Exercise materials:
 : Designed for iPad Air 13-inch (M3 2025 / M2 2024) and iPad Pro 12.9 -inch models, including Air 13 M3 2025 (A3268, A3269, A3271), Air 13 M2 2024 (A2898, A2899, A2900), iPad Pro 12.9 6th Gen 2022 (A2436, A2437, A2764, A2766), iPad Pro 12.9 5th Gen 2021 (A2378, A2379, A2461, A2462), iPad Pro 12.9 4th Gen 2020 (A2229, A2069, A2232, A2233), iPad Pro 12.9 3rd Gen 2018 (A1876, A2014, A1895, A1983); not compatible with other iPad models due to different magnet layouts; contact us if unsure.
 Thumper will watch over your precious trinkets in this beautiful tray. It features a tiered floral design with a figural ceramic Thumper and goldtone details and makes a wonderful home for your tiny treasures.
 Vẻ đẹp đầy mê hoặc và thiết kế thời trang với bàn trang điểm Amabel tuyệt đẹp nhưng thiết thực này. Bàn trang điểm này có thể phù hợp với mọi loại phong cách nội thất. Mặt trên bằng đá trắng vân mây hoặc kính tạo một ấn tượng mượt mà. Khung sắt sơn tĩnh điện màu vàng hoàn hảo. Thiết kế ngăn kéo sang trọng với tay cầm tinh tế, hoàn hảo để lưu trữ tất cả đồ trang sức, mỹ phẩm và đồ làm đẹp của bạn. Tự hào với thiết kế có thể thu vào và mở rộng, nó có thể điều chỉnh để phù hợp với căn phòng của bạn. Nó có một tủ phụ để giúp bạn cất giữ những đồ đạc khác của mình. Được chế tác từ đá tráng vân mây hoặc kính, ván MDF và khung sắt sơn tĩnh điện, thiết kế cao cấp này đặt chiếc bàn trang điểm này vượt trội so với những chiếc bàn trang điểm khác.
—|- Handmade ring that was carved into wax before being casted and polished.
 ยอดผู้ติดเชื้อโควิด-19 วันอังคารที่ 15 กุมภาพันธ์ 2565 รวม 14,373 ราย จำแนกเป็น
==
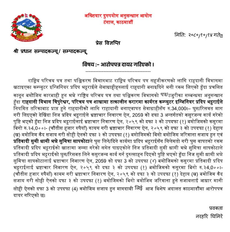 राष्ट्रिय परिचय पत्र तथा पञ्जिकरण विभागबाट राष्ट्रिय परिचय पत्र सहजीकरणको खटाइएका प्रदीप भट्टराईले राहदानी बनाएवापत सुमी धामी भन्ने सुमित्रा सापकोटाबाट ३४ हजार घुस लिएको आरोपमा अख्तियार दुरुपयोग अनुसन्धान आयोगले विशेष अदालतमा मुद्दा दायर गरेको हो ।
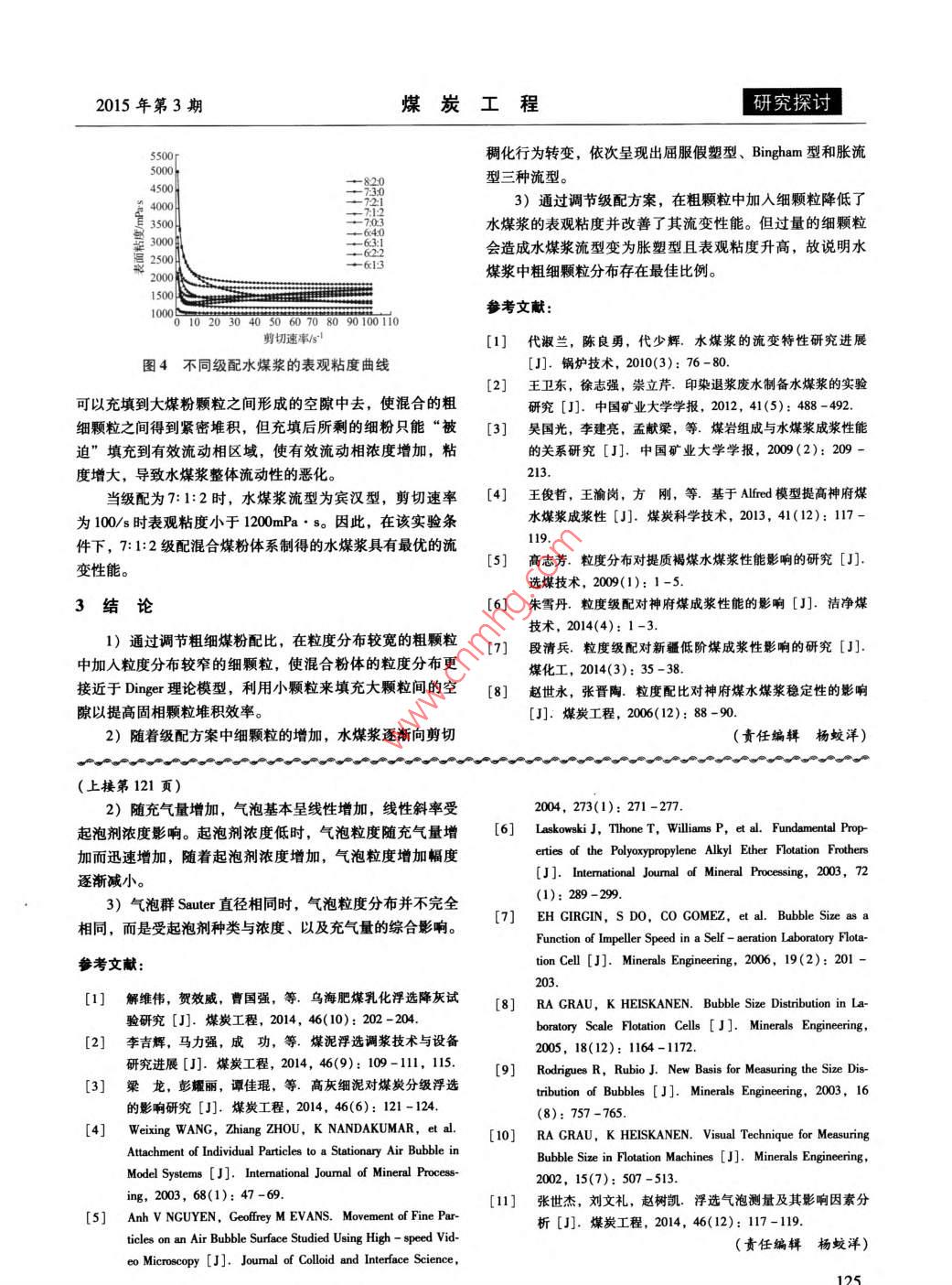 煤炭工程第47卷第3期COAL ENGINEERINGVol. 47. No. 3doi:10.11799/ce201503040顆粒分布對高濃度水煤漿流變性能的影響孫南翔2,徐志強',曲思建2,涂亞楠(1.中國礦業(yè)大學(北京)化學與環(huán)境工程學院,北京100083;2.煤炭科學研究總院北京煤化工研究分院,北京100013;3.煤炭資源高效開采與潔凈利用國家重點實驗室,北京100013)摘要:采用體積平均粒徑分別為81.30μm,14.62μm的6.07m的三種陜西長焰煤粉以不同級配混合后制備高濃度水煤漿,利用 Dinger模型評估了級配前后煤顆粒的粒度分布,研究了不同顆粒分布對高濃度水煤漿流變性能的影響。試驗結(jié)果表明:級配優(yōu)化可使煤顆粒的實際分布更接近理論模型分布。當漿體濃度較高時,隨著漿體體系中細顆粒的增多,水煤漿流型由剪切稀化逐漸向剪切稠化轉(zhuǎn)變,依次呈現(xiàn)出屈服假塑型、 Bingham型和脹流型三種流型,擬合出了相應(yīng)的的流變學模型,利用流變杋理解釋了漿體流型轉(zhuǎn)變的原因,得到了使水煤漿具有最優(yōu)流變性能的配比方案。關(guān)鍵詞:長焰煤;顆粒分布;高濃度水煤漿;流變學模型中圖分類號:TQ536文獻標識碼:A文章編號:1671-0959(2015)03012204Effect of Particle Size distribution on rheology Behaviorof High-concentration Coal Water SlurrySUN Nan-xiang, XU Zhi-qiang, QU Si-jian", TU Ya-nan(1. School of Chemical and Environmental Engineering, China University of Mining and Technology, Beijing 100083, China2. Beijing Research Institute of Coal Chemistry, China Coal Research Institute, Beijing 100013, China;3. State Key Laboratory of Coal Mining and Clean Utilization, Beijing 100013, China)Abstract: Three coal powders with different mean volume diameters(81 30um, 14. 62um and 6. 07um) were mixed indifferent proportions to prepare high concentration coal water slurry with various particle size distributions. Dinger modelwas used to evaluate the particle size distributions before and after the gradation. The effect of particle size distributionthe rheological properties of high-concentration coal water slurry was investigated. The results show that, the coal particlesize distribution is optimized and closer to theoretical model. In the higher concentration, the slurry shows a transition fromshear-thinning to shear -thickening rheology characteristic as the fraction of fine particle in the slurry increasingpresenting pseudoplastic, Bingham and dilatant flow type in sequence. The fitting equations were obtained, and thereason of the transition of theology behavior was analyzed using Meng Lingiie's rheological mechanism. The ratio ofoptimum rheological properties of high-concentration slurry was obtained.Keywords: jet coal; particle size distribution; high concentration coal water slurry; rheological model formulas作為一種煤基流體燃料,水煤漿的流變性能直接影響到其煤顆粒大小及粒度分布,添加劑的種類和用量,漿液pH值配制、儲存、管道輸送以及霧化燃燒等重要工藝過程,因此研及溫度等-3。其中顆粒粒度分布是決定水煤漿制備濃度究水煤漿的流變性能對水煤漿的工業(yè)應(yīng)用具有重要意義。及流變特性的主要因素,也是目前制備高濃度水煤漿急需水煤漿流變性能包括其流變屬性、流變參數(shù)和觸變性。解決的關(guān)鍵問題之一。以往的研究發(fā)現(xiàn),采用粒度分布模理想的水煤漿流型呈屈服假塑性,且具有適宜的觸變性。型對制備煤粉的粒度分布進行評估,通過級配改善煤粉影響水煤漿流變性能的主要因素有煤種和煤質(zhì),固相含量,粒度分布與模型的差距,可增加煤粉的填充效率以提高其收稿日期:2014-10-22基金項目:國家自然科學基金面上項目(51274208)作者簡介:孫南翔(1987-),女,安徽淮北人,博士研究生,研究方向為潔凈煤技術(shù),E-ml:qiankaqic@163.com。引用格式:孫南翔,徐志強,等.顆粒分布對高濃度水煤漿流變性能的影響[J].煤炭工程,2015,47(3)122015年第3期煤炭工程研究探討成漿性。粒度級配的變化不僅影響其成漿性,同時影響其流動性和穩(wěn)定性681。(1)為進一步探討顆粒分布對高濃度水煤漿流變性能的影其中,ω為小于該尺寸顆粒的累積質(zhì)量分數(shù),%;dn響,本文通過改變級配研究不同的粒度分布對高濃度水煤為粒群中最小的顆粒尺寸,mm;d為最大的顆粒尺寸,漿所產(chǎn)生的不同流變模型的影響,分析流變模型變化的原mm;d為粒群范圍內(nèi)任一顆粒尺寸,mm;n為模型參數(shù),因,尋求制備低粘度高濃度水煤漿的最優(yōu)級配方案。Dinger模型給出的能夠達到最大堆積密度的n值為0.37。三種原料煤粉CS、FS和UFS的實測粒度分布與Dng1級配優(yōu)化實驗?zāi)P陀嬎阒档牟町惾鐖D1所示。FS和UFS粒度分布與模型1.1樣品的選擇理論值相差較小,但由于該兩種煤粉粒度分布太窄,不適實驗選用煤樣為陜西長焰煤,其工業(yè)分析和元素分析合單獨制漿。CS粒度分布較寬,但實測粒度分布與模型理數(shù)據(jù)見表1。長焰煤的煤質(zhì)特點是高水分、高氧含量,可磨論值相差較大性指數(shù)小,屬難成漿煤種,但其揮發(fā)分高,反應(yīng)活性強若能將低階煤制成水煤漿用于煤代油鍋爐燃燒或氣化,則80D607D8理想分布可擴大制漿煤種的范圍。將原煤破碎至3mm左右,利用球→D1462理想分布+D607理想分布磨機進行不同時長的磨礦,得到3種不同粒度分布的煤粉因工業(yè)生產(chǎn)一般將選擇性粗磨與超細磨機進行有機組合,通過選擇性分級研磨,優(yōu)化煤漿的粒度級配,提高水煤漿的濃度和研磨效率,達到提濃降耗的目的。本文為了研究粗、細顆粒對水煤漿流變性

About this exercise:
Every line above from the line with "us if unsure." to the line with "ยอดผู้ติดเชื้อโควิด-19 วันอังคารที่ 15" is wanted, ends included; write them out exactly and add no other line.

Answer for this exercise:
 : Designed for iPad Air 13-inch (M3 2025 / M2 2024) and iPad Pro 12.9 -inch models, including Air 13 M3 2025 (A3268, A3269, A3271), Air 13 M2 2024 (A2898, A2899, A2900), iPad Pro 12.9 6th Gen 2022 (A2436, A2437, A2764, A2766), iPad Pro 12.9 5th Gen 2021 (A2378, A2379, A2461, A2462), iPad Pro 12.9 4th Gen 2020 (A2229, A2069, A2232, A2233), iPad Pro 12.9 3rd Gen 2018 (A1876, A2014, A1895, A1983); not compatible with other iPad models due to different magnet layouts; contact us if unsure.
 Thumper will watch over your precious trinkets in this beautiful tray. It features a tiered floral design with a figural ceramic Thumper and goldtone details and makes a wonderful home for your tiny treasures.
 Vẻ đẹp đầy mê hoặc và thiết kế thời trang với bàn trang điểm Amabel tuyệt đẹp nhưng thiết thực này. Bàn trang điểm này có thể phù hợp với mọi loại phong cách nội thất. Mặt trên bằng đá trắng vân mây hoặc kính tạo một ấn tượng mượt mà. Khung sắt sơn tĩnh điện màu vàng hoàn hảo. Thiết kế ngăn kéo sang trọng với tay cầm tinh tế, hoàn hảo để lưu trữ tất cả đồ trang sức, mỹ phẩm và đồ làm đẹp của bạn. Tự hào với thiết kế có thể thu vào và mở rộng, nó có thể điều chỉnh để phù hợp với căn phòng của bạn. Nó có một tủ phụ để giúp bạn cất giữ những đồ đạc khác của mình. Được chế tác từ đá tráng vân mây hoặc kính, ván MDF và khung sắt sơn tĩnh điện, thiết kế cao cấp này đặt chiếc bàn trang điểm này vượt trội so với những chiếc bàn trang điểm khác.
—|- Handmade ring that was carved into wax before being casted and polished.
 ยอดผู้ติดเชื้อโควิด-19 วันอังคารที่ 15 กุมภาพันธ์ 2565 รวม 14,373 ราย จำแนกเป็น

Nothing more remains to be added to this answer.